ASSIGNMENT: Every record here must be copied exactly, except for the images it holds.

════════

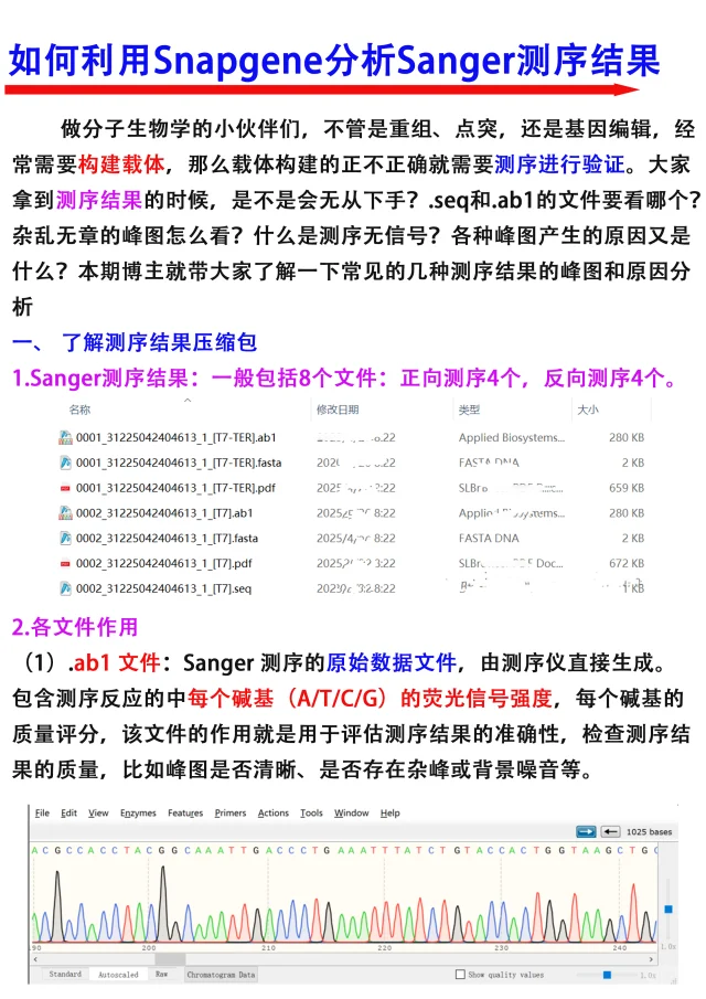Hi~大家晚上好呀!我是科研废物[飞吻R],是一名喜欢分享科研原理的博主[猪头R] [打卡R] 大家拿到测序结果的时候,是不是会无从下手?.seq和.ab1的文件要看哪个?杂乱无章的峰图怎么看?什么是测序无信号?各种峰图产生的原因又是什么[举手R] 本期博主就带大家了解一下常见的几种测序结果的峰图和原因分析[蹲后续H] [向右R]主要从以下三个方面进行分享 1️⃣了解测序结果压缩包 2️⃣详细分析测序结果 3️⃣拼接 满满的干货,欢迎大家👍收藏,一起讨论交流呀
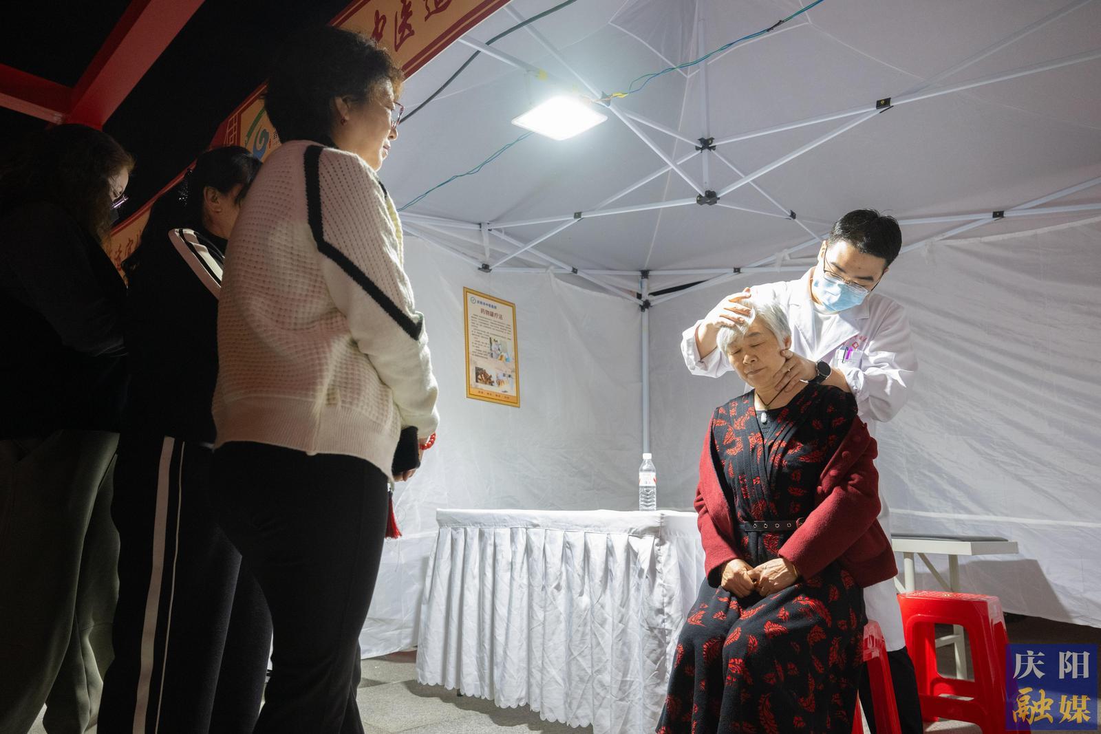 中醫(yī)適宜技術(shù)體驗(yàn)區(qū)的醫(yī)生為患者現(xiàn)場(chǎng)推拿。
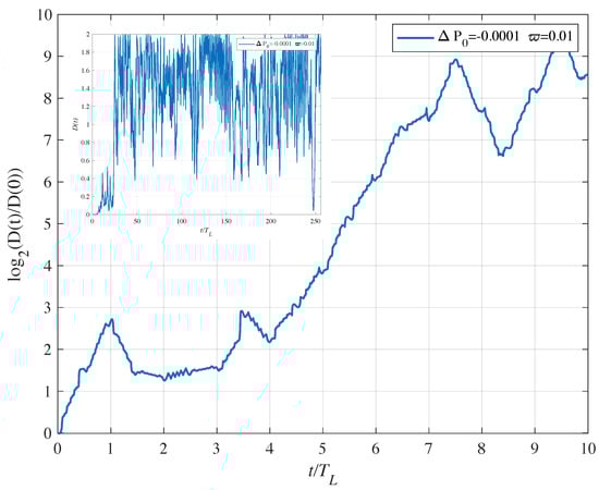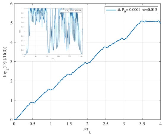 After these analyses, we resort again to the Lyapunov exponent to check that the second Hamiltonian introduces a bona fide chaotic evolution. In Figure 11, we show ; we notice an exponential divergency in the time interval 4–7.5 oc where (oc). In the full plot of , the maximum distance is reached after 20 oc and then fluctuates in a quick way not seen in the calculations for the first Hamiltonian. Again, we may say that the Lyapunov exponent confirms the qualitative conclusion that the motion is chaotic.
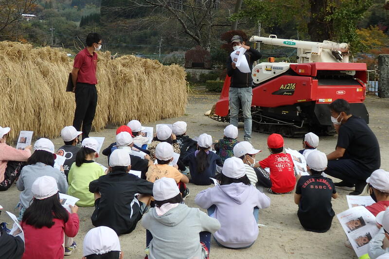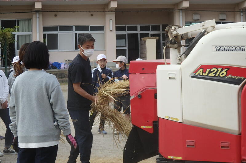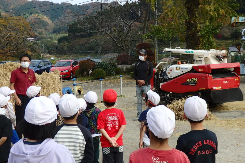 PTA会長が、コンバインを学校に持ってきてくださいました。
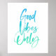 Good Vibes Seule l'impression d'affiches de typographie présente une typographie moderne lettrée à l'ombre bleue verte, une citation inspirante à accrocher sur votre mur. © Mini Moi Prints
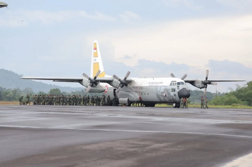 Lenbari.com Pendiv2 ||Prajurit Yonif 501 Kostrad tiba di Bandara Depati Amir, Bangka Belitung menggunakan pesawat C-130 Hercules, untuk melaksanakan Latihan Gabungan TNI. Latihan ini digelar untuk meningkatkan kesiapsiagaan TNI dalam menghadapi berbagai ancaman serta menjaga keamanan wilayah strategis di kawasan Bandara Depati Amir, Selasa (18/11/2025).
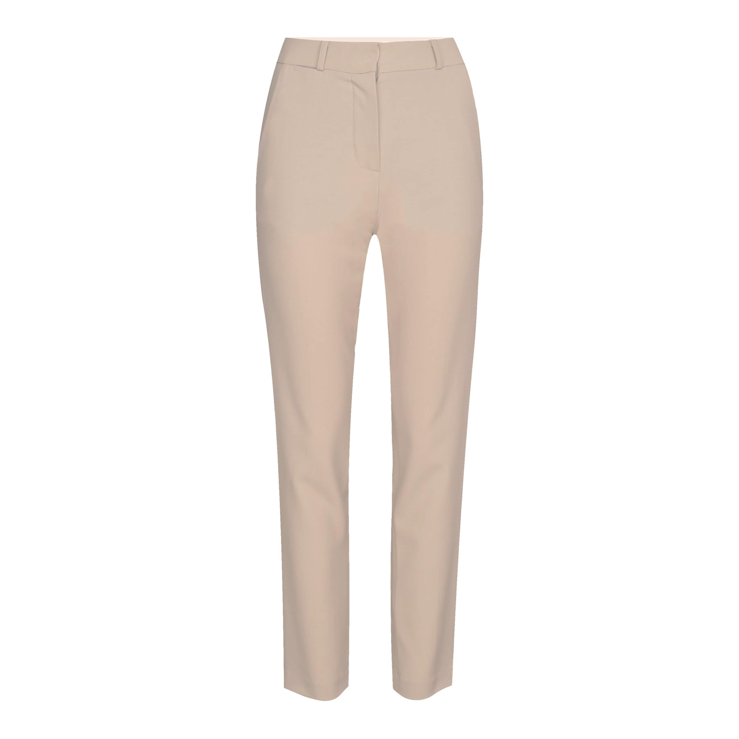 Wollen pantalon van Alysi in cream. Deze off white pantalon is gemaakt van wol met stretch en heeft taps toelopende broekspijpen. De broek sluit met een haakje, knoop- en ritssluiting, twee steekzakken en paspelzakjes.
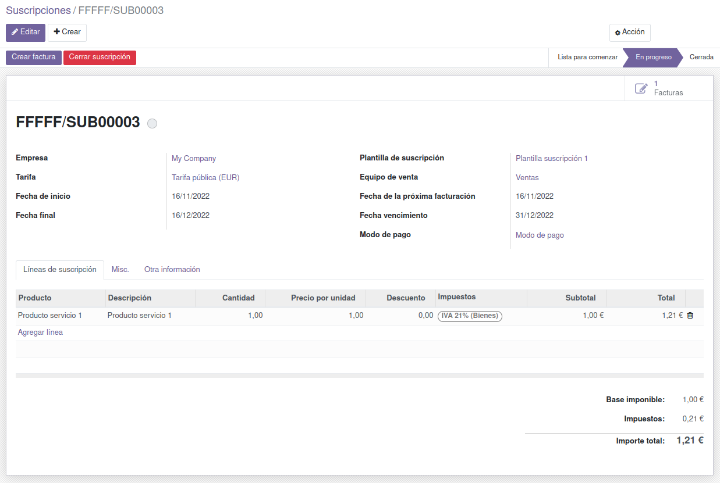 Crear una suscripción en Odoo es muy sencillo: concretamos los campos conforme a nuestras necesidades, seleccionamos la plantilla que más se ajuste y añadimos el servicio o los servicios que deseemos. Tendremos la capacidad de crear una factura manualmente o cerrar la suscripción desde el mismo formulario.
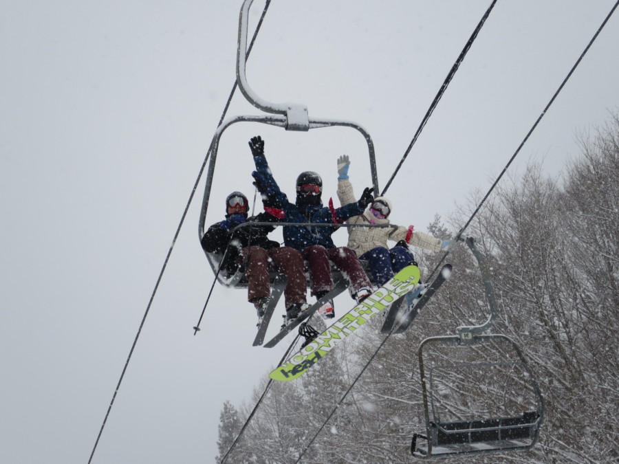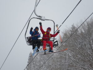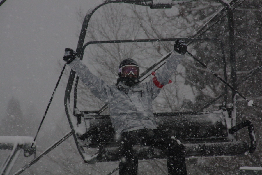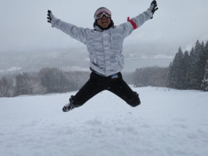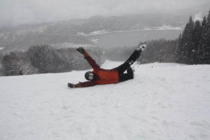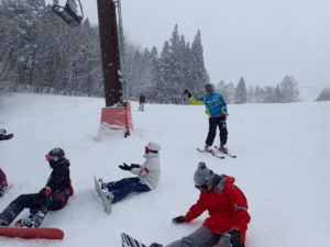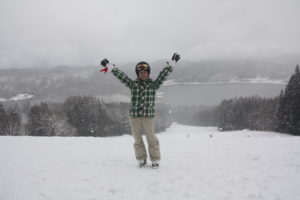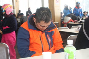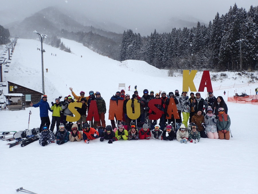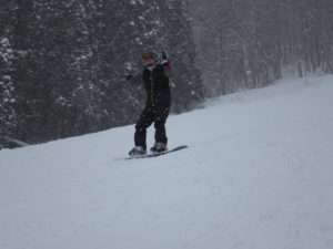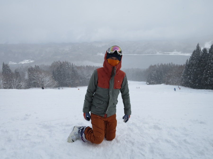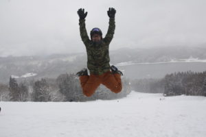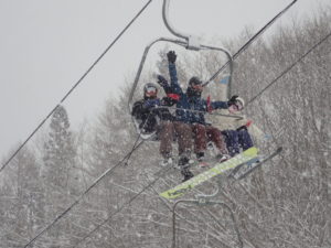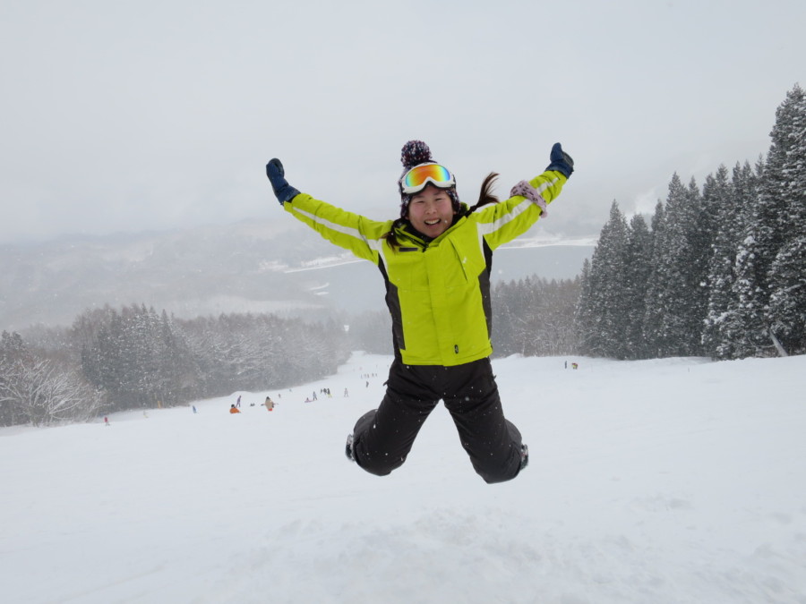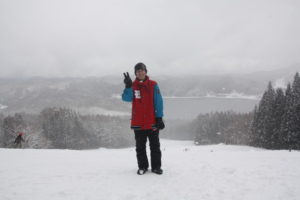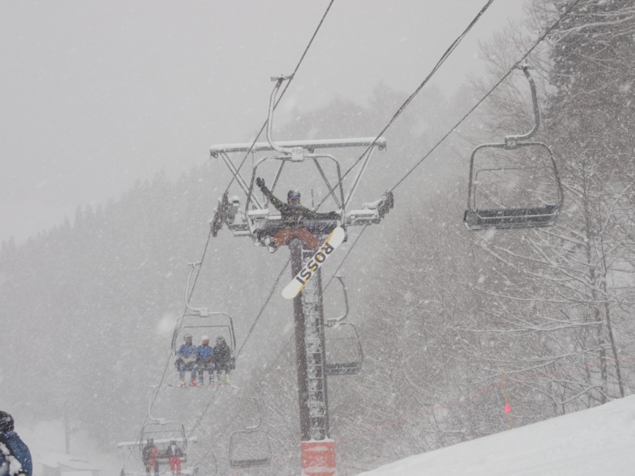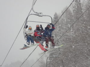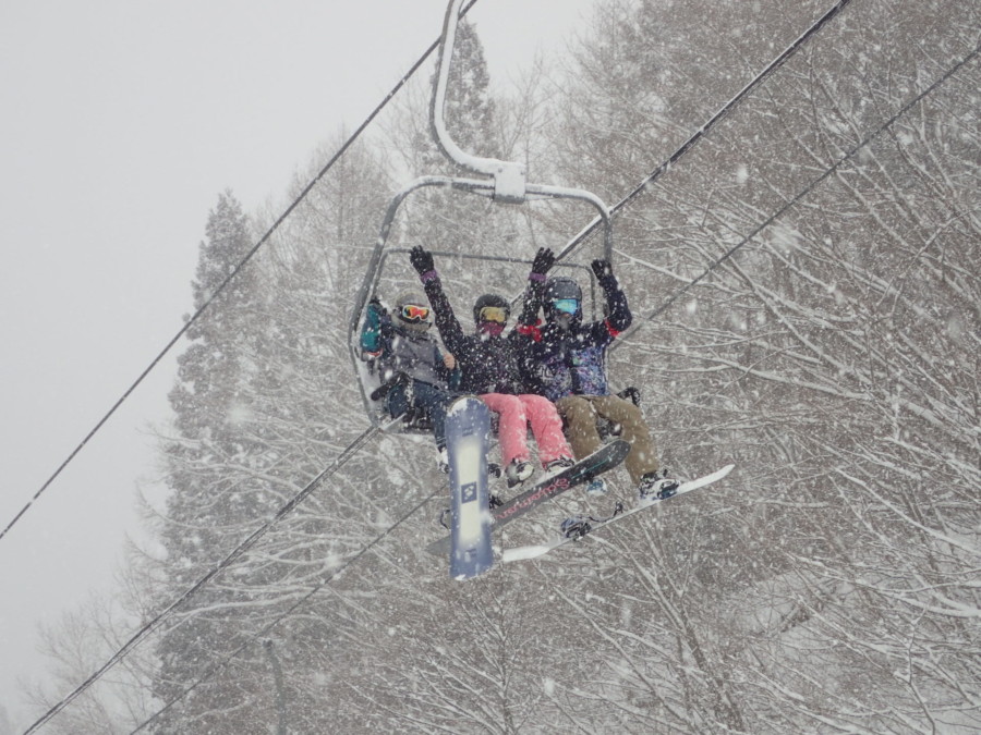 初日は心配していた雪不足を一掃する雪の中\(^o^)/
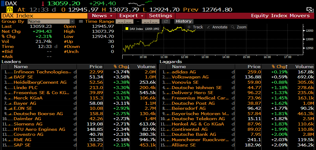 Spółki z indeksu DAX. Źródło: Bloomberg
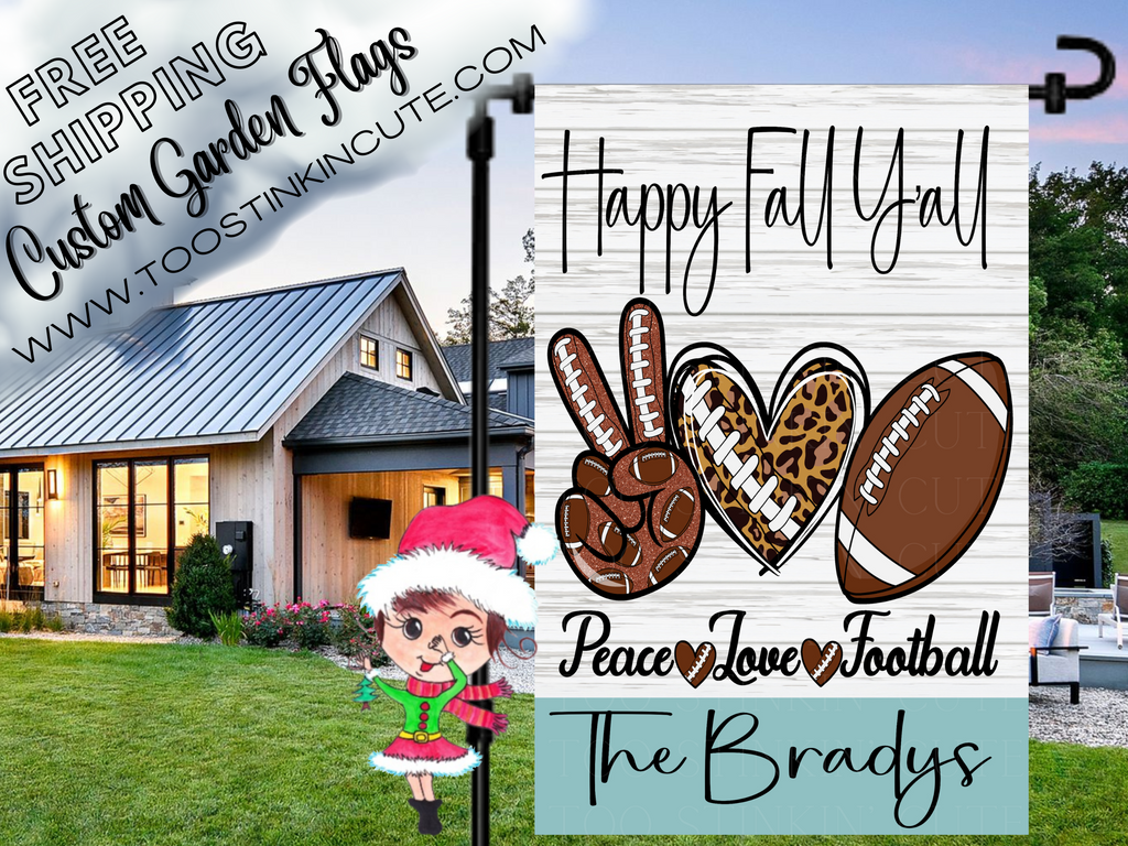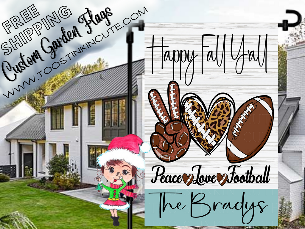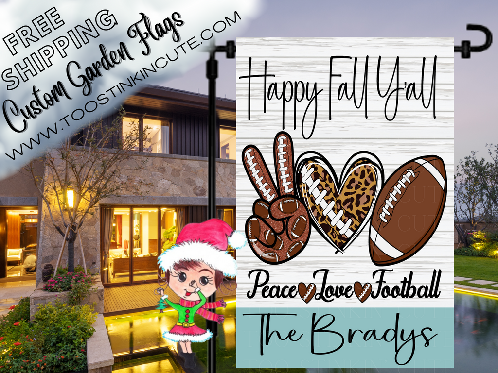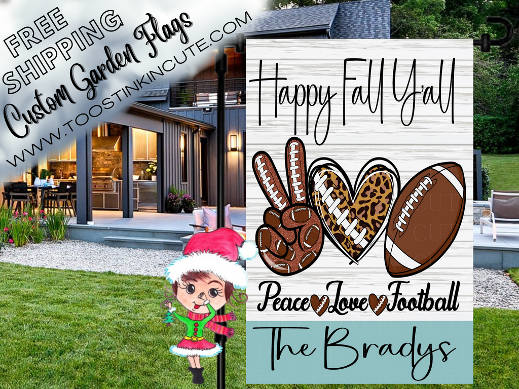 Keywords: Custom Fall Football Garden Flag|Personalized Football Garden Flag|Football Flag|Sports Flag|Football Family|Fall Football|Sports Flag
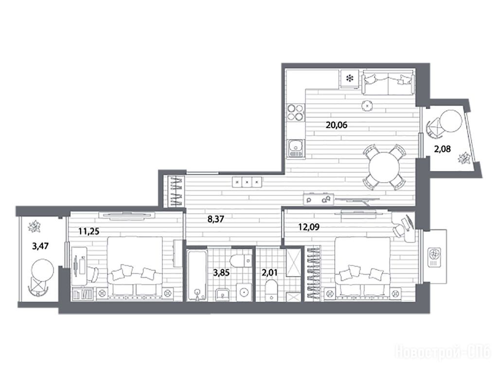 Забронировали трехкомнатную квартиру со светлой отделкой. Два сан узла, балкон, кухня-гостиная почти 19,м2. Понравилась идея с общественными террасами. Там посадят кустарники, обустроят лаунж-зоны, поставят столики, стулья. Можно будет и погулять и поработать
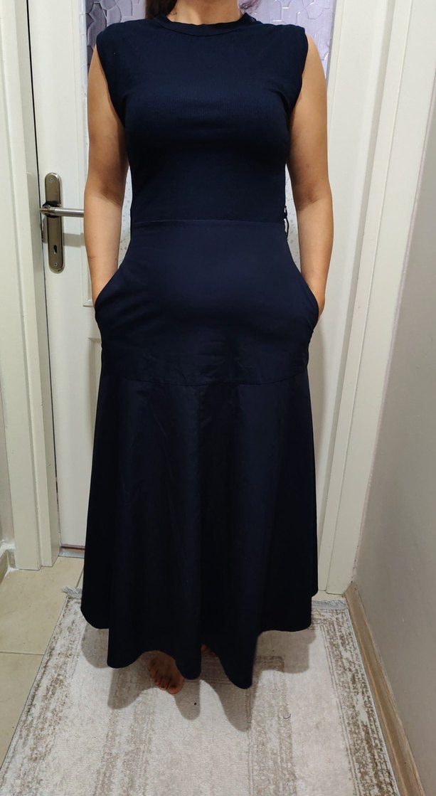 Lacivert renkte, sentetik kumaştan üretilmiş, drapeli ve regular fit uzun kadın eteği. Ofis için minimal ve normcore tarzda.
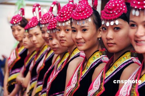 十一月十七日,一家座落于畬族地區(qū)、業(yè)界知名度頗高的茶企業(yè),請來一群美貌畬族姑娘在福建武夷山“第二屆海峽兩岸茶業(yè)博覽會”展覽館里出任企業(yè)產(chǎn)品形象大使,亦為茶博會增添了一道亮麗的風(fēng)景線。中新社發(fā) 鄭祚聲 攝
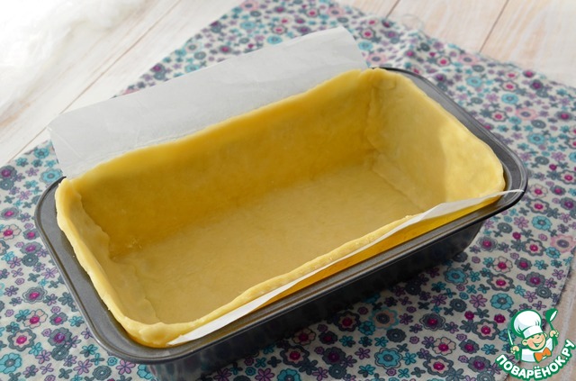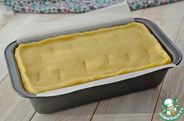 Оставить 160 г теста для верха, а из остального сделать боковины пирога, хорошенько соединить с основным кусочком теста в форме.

════════

FINISHED EXERCISE:
Hi~大家晚上好呀!我是科研废物[飞吻R],是一名喜欢分享科研原理的博主[猪头R] [打卡R] 大家拿到测序结果的时候,是不是会无从下手?.seq和.ab1的文件要看哪个?杂乱无章的峰图怎么看?什么是测序无信号?各种峰图产生的原因又是什么[举手R] 本期博主就带大家了解一下常见的几种测序结果的峰图和原因分析[蹲后续H] [向右R]主要从以下三个方面进行分享 1️⃣了解测序结果压缩包 2️⃣详细分析测序结果 3️⃣拼接 满满的干货,欢迎大家👍收藏,一起讨论交流呀
 中醫(yī)適宜技術(shù)體驗(yàn)區(qū)的醫(yī)生為患者現(xiàn)場(chǎng)推拿。
 After these analyses, we resort again to the Lyapunov exponent to check that the second Hamiltonian introduces a bona fide chaotic evolution. In Figure 11, we show ; we notice an exponential divergency in the time interval 4–7.5 oc where (oc). In the full plot of , the maximum distance is reached after 20 oc and then fluctuates in a quick way not seen in the calculations for the first Hamiltonian. Again, we may say that the Lyapunov exponent confirms the qualitative conclusion that the motion is chaotic.
 PTA会長が、コンバインを学校に持ってきてくださいました。
 Good Vibes Seule l'impression d'affiches de typographie présente une typographie moderne lettrée à l'ombre bleue verte, une citation inspirante à accrocher sur votre mur. © Mini Moi Prints
 Lenbari.com Pendiv2 ||Prajurit Yonif 501 Kostrad tiba di Bandara Depati Amir, Bangka Belitung menggunakan pesawat C-130 Hercules, untuk melaksanakan Latihan Gabungan TNI. Latihan ini digelar untuk meningkatkan kesiapsiagaan TNI dalam menghadapi berbagai ancaman serta menjaga keamanan wilayah strategis di kawasan Bandara Depati Amir, Selasa (18/11/2025).
 Wollen pantalon van Alysi in cream. Deze off white pantalon is gemaakt van wol met stretch en heeft taps toelopende broekspijpen. De broek sluit met een haakje, knoop- en ritssluiting, twee steekzakken en paspelzakjes.
 Crear una suscripción en Odoo es muy sencillo: concretamos los campos conforme a nuestras necesidades, seleccionamos la plantilla que más se ajuste y añadimos el servicio o los servicios que deseemos. Tendremos la capacidad de crear una factura manualmente o cerrar la suscripción desde el mismo formulario.
 初日は心配していた雪不足を一掃する雪の中\(^o^)/
 Spółki z indeksu DAX. Źródło: Bloomberg
 Keywords: Custom Fall Football Garden Flag|Personalized Football Garden Flag|Football Flag|Sports Flag|Football Family|Fall Football|Sports Flag
 Забронировали трехкомнатную квартиру со светлой отделкой. Два сан узла, балкон, кухня-гостиная почти 19,м2. Понравилась идея с общественными террасами. Там посадят кустарники, обустроят лаунж-зоны, поставят столики, стулья. Можно будет и погулять и поработать
 Lacivert renkte, sentetik kumaştan üretilmiş, drapeli ve regular fit uzun kadın eteği. Ofis için minimal ve normcore tarzda.
 十一月十七日,一家座落于畬族地區(qū)、業(yè)界知名度頗高的茶企業(yè),請來一群美貌畬族姑娘在福建武夷山“第二屆海峽兩岸茶業(yè)博覽會”展覽館里出任企業(yè)產(chǎn)品形象大使,亦為茶博會增添了一道亮麗的風(fēng)景線。中新社發(fā) 鄭祚聲 攝
 Оставить 160 г теста для верха, а из остального сделать боковины пирога, хорошенько соединить с основным кусочком теста в форме.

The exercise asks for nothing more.